I really feel for you and your situation, but I have to speak up for Desitin. It has cured rashes that no other cream would touch for my children.

Now as far as cleaning it, buy you a bottle of Simple Green at the automotive section in Walmart. It is a degreaser and has saved countless dipes from Desitin stains.


----------



## twogreencars (Oct 24, 2006)

I've just checked my "Over 2000 amazing cleaning secrets" book by Jeff Bredenberg,and this is what it says:

"Oil-based stains aren't as difficult to get rid of as most people think. Many prewash stin-removal products, such as Spray 'n Wash and Shout, contain special solvents for removing oil and grease."

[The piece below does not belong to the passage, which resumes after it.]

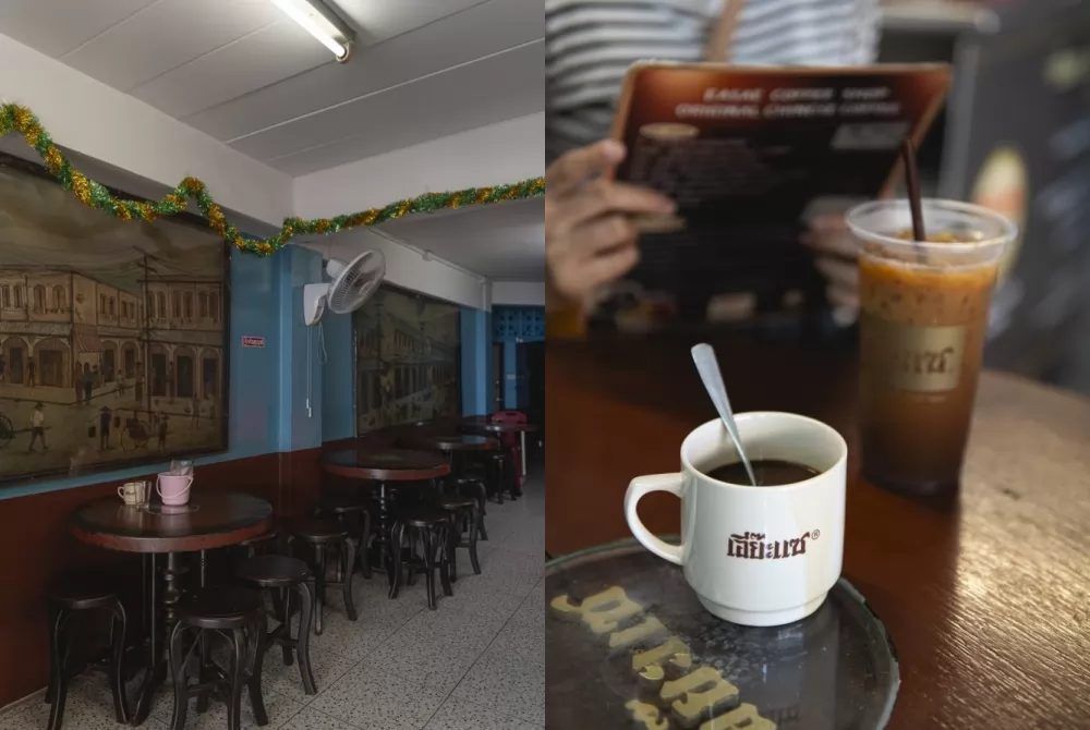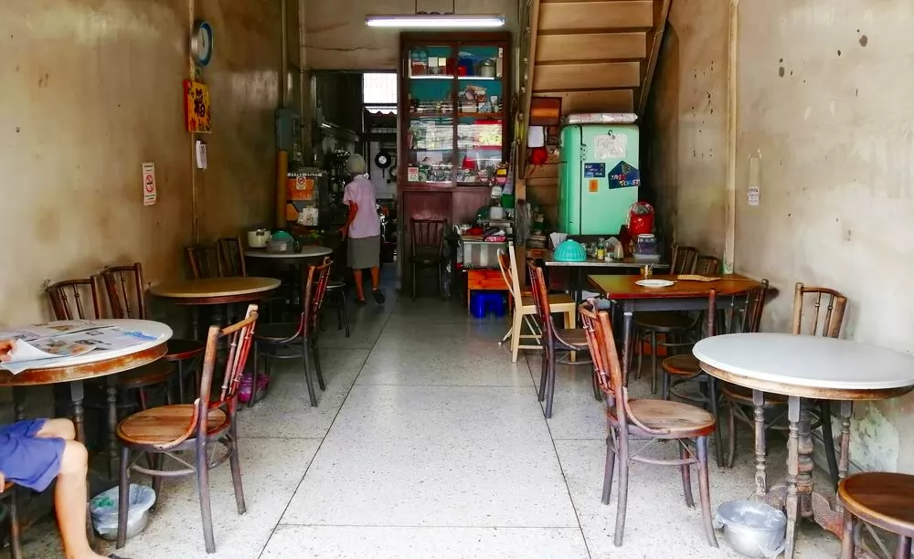 店內的裝潢、設備(垃圾桶是古老吐痰罐),甚至賣的飲食都依然不變,簡單的泰式咖啡、茶飲、水煮蛋+吐司,就標示在古舊的冰箱上,而且很便宜的銅板價。

"For oil-based stains in carpets and upholstery, apply isoporpyl (rubbing) alcohol to a clean white cloth or white paper towel and blot the stain. Discard the dirty towels and repeat using fresh paper towels adn alcohol untilt eh stin is gone...If that treatmetn doesn't remove the stain, try the method for dried portein stain:...lightly apply a solution of 1/4 teaspoon mild dishwashing liquid (one that doesn't contain lanolin or bleach) in 1 quart cold water. Apply the solution to a cloth, adn use a blotting motion to work the solution into the affected area. Blot with a clean paper towel to remove the solution. Rinse by lightly spreaying the stain with water adn then blotting. Do this until all the suds are gone. Then spreay again lightly with water. Don't blot this time. Instead, lay a pad of paper towels over the spot, put a weight on it, and let it dry. If the stain persists, repeat the procedure with a stronger solution: 1/2 teaspoon of liquid detergent (preferably one containing enzymes) per 1 quart of cold water. if that still doesn't completely remove the stain, moisten the stained tufts with 3 percent hydrogen peroxide. Let it stand for 1 hour. Blot and repeat until the carpet or upholstery is stin free. no rinsing is necessary following this procedure, becaue light will cause the peroxide to change to water. To dry, use the method mentioned previoiusly involving a pad of paper towels and a weight. But be careful: Hydrogen peroxide is bleach and can whiten colors."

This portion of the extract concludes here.